Why did I cling to this pair of boots? Was it the ideal they held? The dream of being something I'm not? The knowledge that I will likely never buy myself a pair of handsome boots like them? The fear that God doesn't really know me and therefore will only provide me with drudgery clunky rubber boots?
Honestly, I think it was probably a little of each of those things. The thing that scares me the most is that I know God, we have walked through many fires together. I have experienced His provision and love and yet there is a part of me that stubbornly clings to these useless boots saying I have to look out for myself because no one else, including God, will. The reality is that people often fail and I end up looking out for myself, but God, God does not fail. Whenever I fully place my trust in Him and throw myself upon his mercy He provides in ways beyond anything I can comprehend.
So why do I hesitate to trust Him? Why do I sit alone mired in fears? Why am I seemingly incapable of completely relinquishing my hold on my life even when I know it is the answer to my sometimes crippling fears?
The answer I think lies in my condition, that of being human. As much as I know the truth in my head and have experienced it in my life I still struggle to believe God's truth.
Imagine Jesus is sitting across from me staring into my eyes.
"Keep trusting me?" He asks as he holds out his nail scarred hand. "I love you and I promise to never leave you or forsake you. Keep trusting me, really trust me. Let go of all the things that are distracting you, don't embrace fear as a friend. Trust me, ask my Father, search for us and then you will find us. You will be given what you ask for and the things you trust me with will be taken care of." Matt 6&7
He is telling me that I can't rest in the fact that I trusted Him in the past and He came through, but I have to be actively engaging in relationship with Him journeying down the next path. Going over and over the lesson of trust until I really truly learn it. To the point where I am able to throw off all my possessions and fears living contentedly in the trust of God.
Unfortunately I am human and as Kenneth Boa says the renewing of our minds is not a one-time deal but a continuous cycle of "surrender and trust and of emptying and filling as the Holy Spirit replaces the lies we have believed with the truth of our identity in Christ". I know the truth; that God will provide and that the Creator of the Universe loves me deeply, madly, incomprehensibly for all eternity. That love is so great that He gave His only son, Jesus who was perfect to suffer, bearing the punishment for my sin. I have immeasurable intrinsic worth, because not only did God create me in His image and declare that I was good. He sent Jesus to rescue me when I choose to run away from Him and broke His heart. Even now when I wander and doubt He calls me back.

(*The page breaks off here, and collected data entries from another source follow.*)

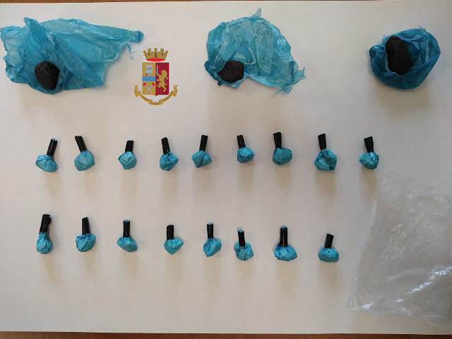 Il pacchetto, recuperato dagli uomini in divisa, conteneva 17 dosi di cocaina per un peso complessivo di circa 21 grammi e 3 dosi contenenti complessivamente circa 15 grammi di hashish.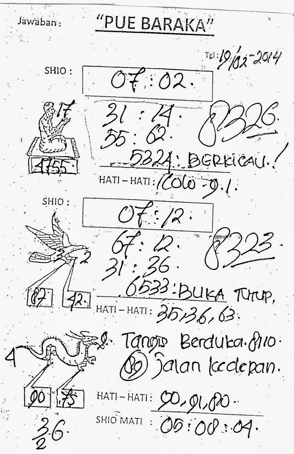 SYAIR TOGEL SINGAPURA STS SYAIR SGP RABU 19 FEBRUARI 2014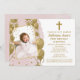 Este belo convite de primeiro aniversário também serve para convidar seus convidados para o batismo da sua garotinha. O primeiro aniversário apresenta uma foto do seu filho num fundo cor-de-água rosa com bolinhas brancas e balões coloridos. Do lado batismo está o texto dourado com a missa e os detalhes da festa em ouro, assim como uma cruz de ouro sobre o confete cor-de-água rosa. Fotografia © Storytree Studios, Stanford, CA
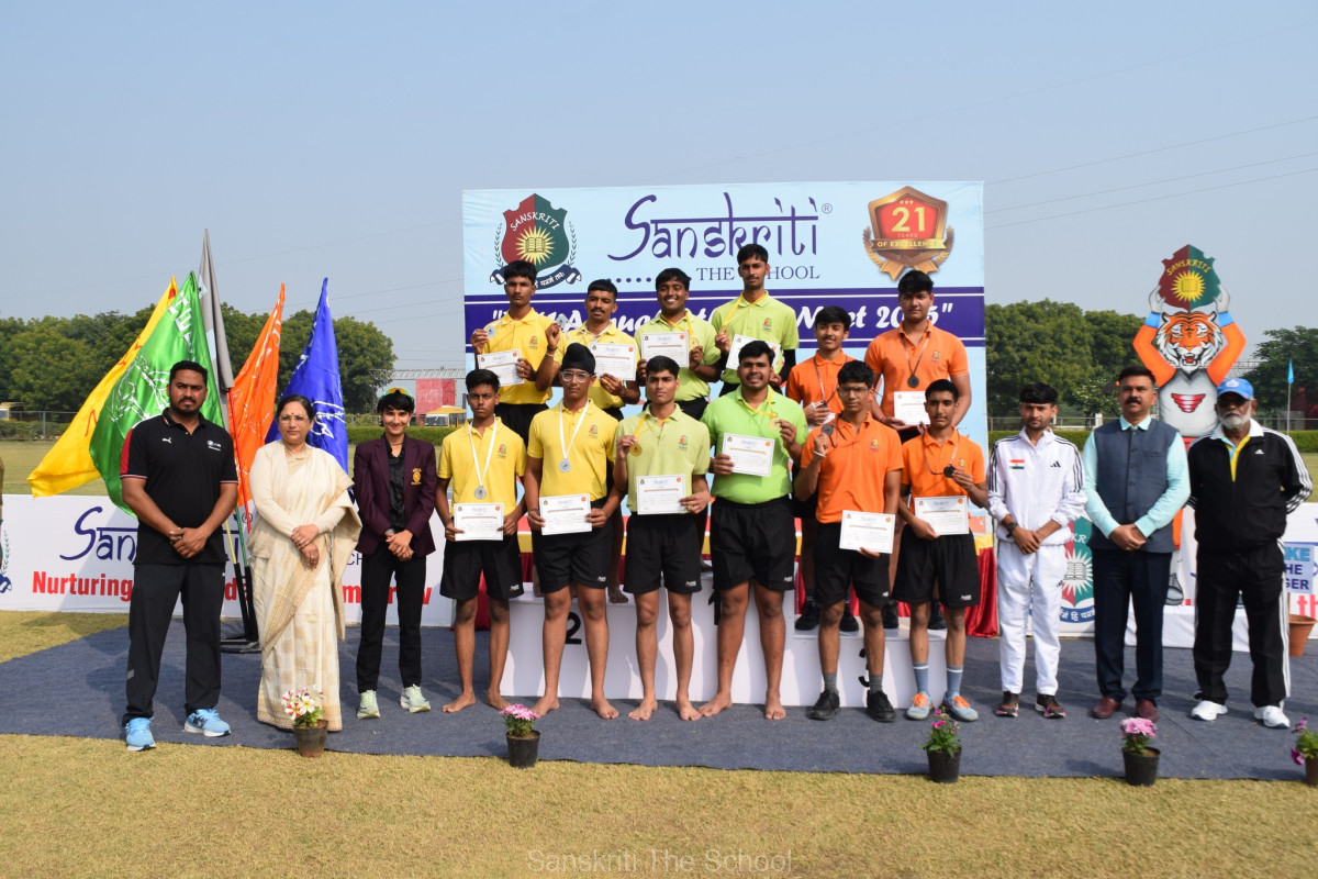 The 21st Senior Athletic Meet 2025-26 held today at Sanskriti The School also saw mentors and parents comepting with each other in Shuttle Race and Tug of war. The races were held amidst continuous cheering from the scholars who supported their mentors throughout.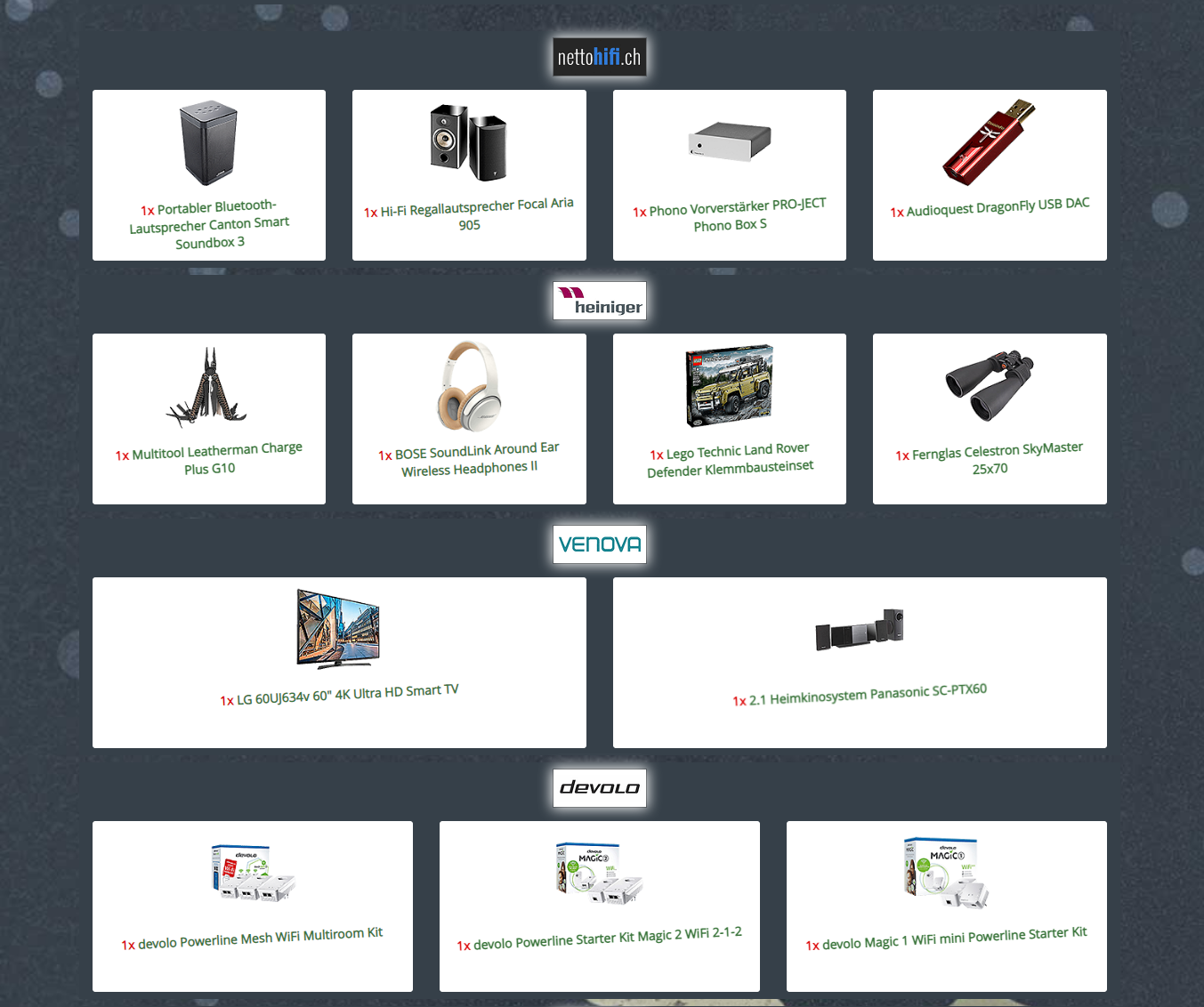 Bei toppreise.ch gibt es ab dem 1 Dezember bis am 24 Dezember 2021 täglich tolle Preise zu gewinnen. Mitmachen lohnt sich 🙂 Das ist nur ein kleiner Ausschnitt was es alles zu Gewinnen gibt

No matter how much I know this in my head and have even experienced it personally in my life, those lies are buried too deep and I doubt yet again. I cling to the boots as a toddler rebelling against their parent. I tell God that I don't really trust Him when I cling to these things, but I am learning to trust Him. To hold all things in my life with open hands. It is so hard and I struggle often, but I continue to hold my life in open upturned palms to God. My hands are open to receive but also open to surrender giving it all back.
So today I put my boots on the garage sale pile.